Medicare offers prescription drug coverage for everyone with Medicare. This coverage is called “Part D”.
· To get Medicare drug coverage, you must either join a Medicare drug plan adding on to your Original Medicare Plan, or join a Medicare Advantage Plan that includes Part D.
· Medicare drug plans are run by insurance companies and other private companies approved by Medicare.
· Each plan can vary in cost and drugs covered.
· If you decide not to join a Medicare drug plan when you are first eligible, you may pay a late-enrollment penalty if you choose to join late.
· If you qualify for extra help and don’t choose a plan yourself, Medicare will enroll you in one.
All Medicare drug plans must generally cover at least two drugs in each category of drugs, but plans can choose which specific drugs are covered in each category. Plans are required to cover almost all drugs in six classes that include anti-psychotics, anti-depressants, anti-convulsants, immunosuppressants, cancer, and HIV/AIDS drugs.

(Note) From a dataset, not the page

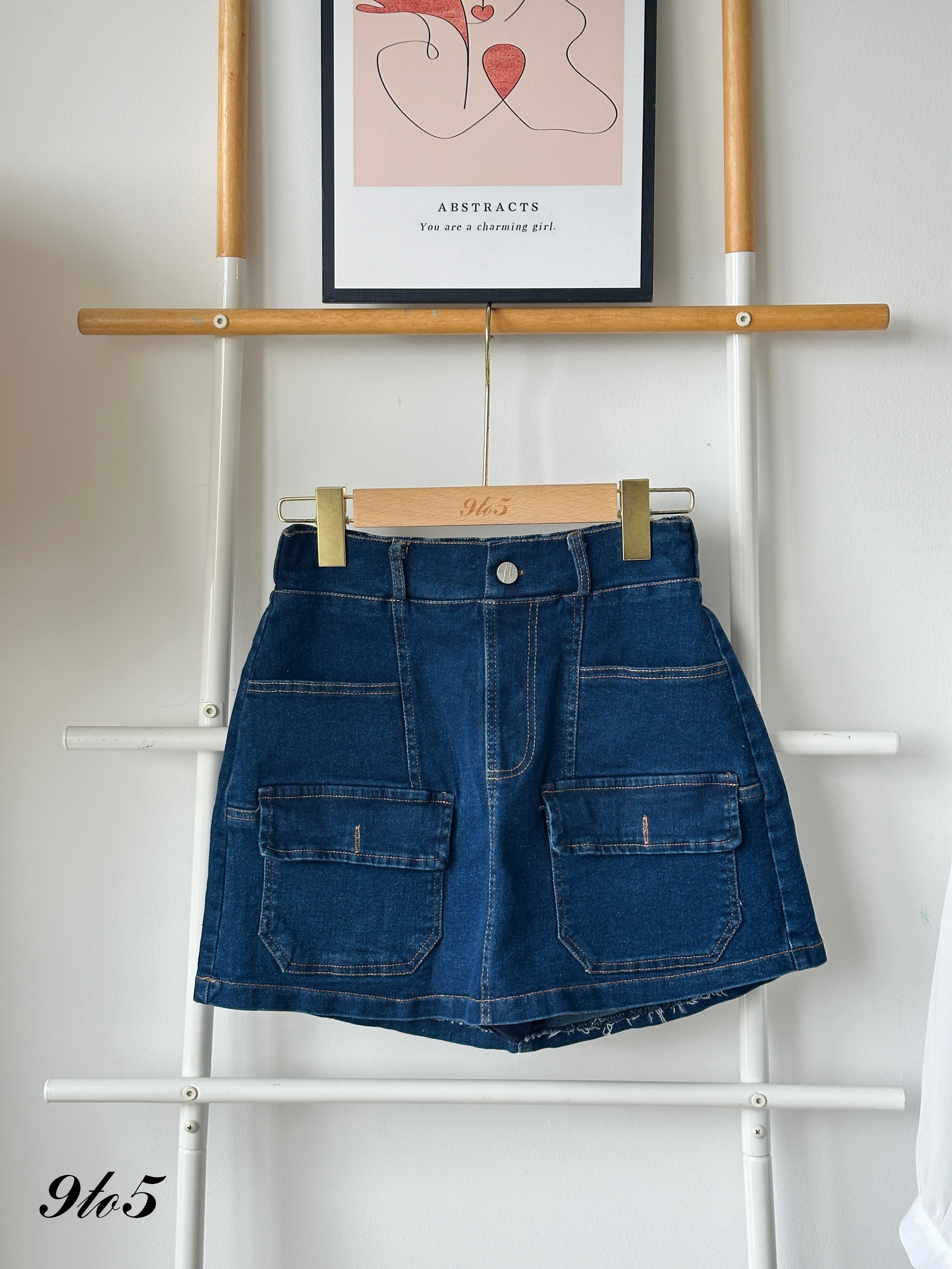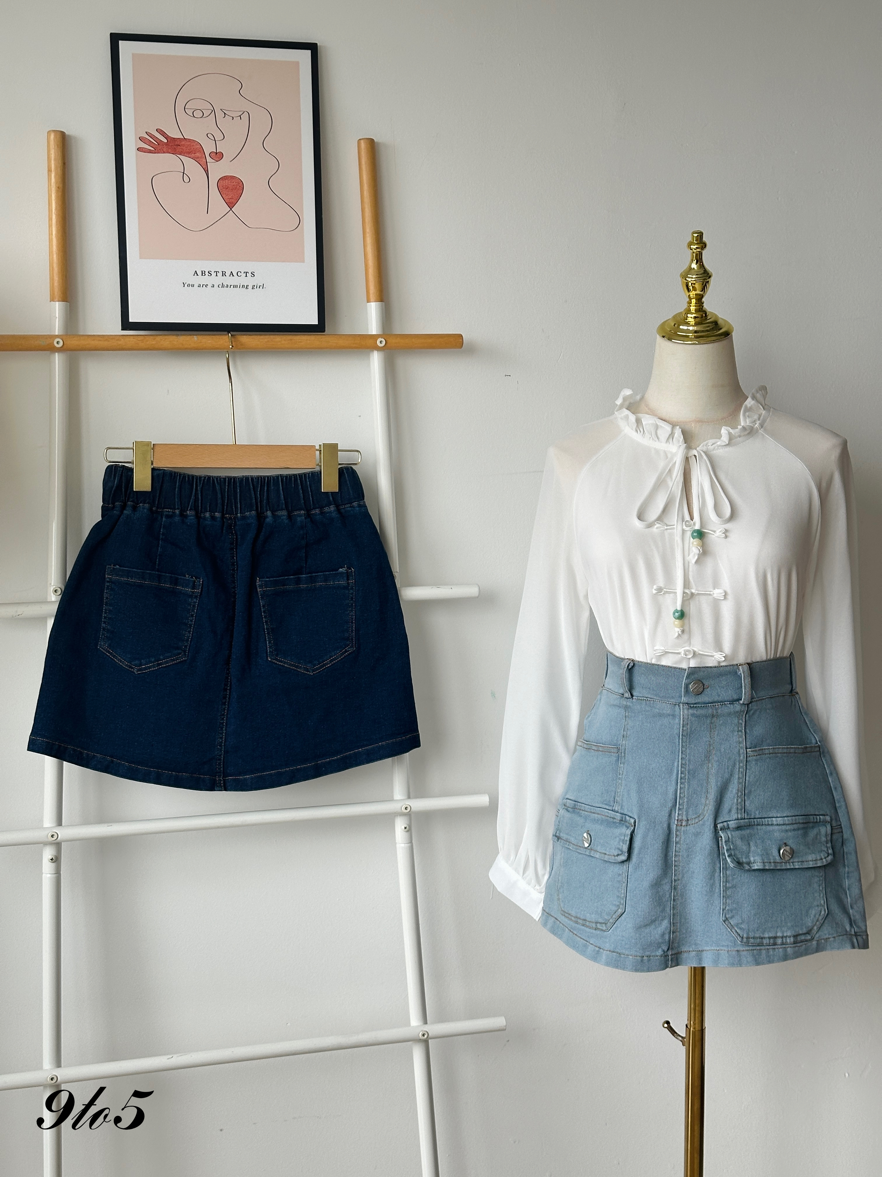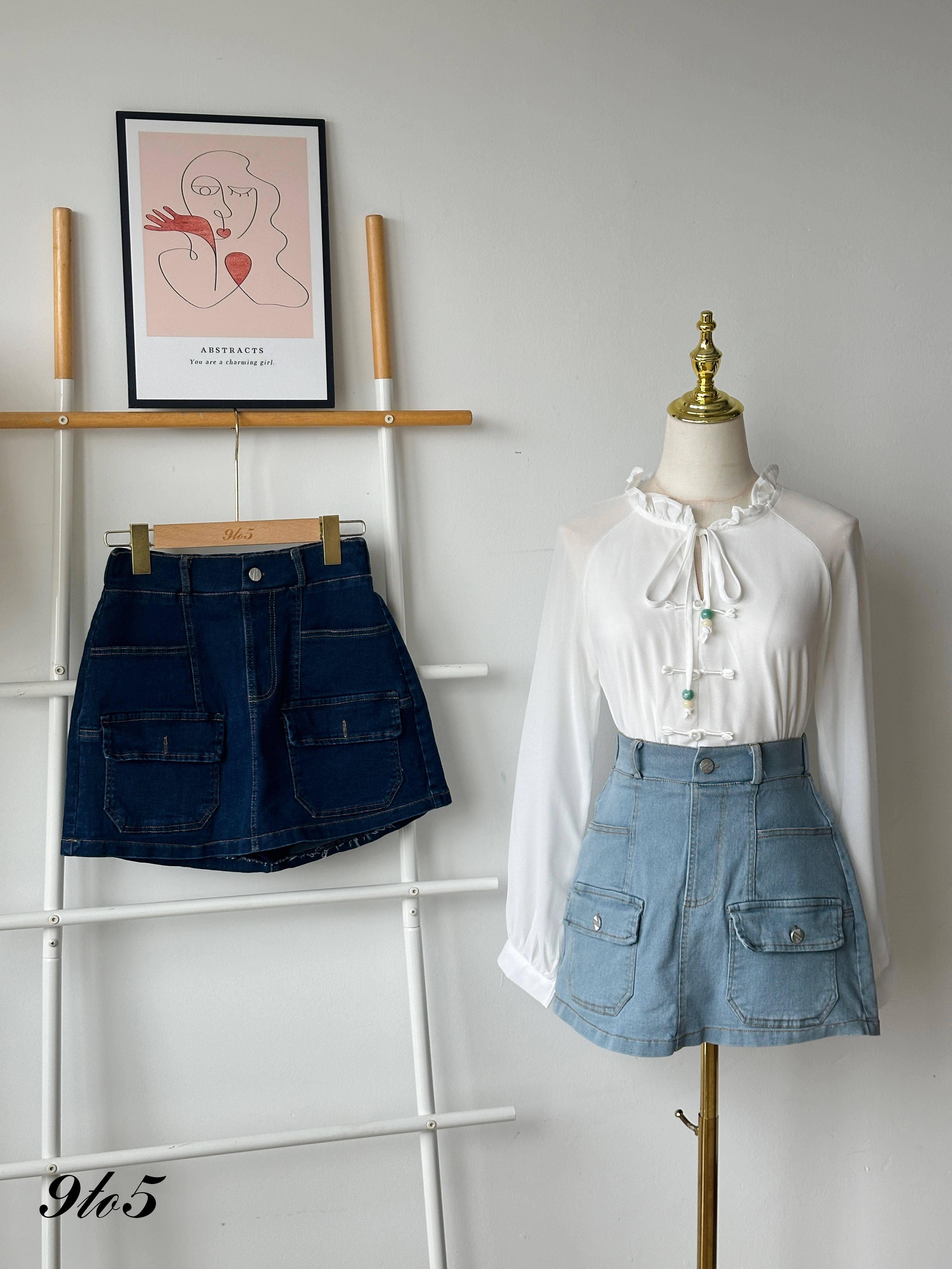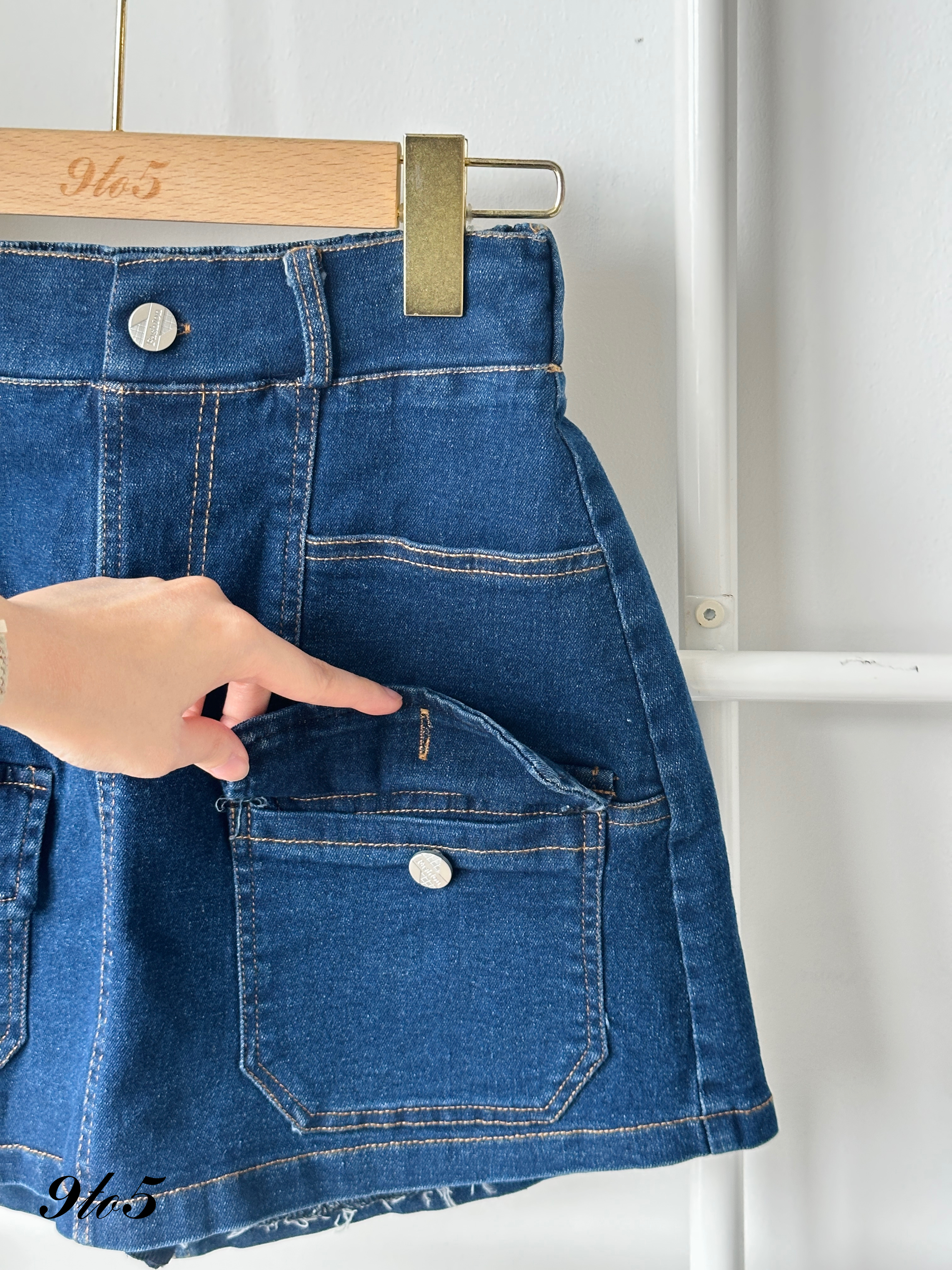 S1743 Denim Short Skirt - Dark Blue & Light Blue

There are certain drugs that Medicare drug plans aren’t required to cover, such as benzodiazepines, barbiturates, drugs for weight loss or gain, and drugs for erectile dysfunction. Some plans may choose to cover these drugs as an added benefit. In addition, drug plans generally aren’t allowed to cover over-the-counter drugs. Some states may cover these drugs if you have Medicaid.
Plans may also exclude certain drugs from coverage. Although your Medicare drug plan may not have a certain drug on its list of covered drugs (formulary), a different drug that is safe and effective for the same purpose will be covered. This may be a generic version of the drug, or it may be another brand-name drug that may provide the same benefit as the drug that isn’t on the plan’s formulary. All plans must have a process for you to ask them to pay for a drug you need that isn’t on their formulary. They may or may not agree to cover the drug.
What Is Not Covered
Items and services that Medicare doesn’t cover include, but are not limited to the following:
· Acupuncture,
· Chiropractic services (with some exceptions),
· Cosmetic surgery,
· Custodial care (such as help with bathing or using the bathroom), except when you also get skilled nursing care in a skilled nursing facility, at home, or in a hospice,
· Deductibles, co-insurance, or co-payments when you get certain health care services,
· Dental care and dentures (with only a few exceptions),
· Eye care (routine exam), eye refractions (exam that measures your ability to see at specific distances), and most eyeglasses (with some exceptions),
· Foot care (routine) like cutting corns or calluses (with few exceptions), Hearing aids and exams for the purpose of fitting a hearing aid, Hearing tests that haven’t been ordered by your doctor,
· Laboratory tests for screening purposes (with some exceptions), Long-term care, for example, if you only need custodial care in a nursing home,
· Orthopedic shoes (with few exceptions),
· Physical exams (routine or yearly). Medicare will cover a one-time physical exam within the first 6 months of enrolling in Part B (co-insurance and Part B deductible applies),
· Prescription drugs. Most precription drugs aren’t covered by Part A or Part B, Shots to prevent illness (with some exceptions),
· Syringes or insulin, unless the insulin is used with an insulin pump, but it may be covered by Medicare Prescription Drug Coverage (Part D), and
· Travel (health care while you’re traveling outside the United States… with some exceptions).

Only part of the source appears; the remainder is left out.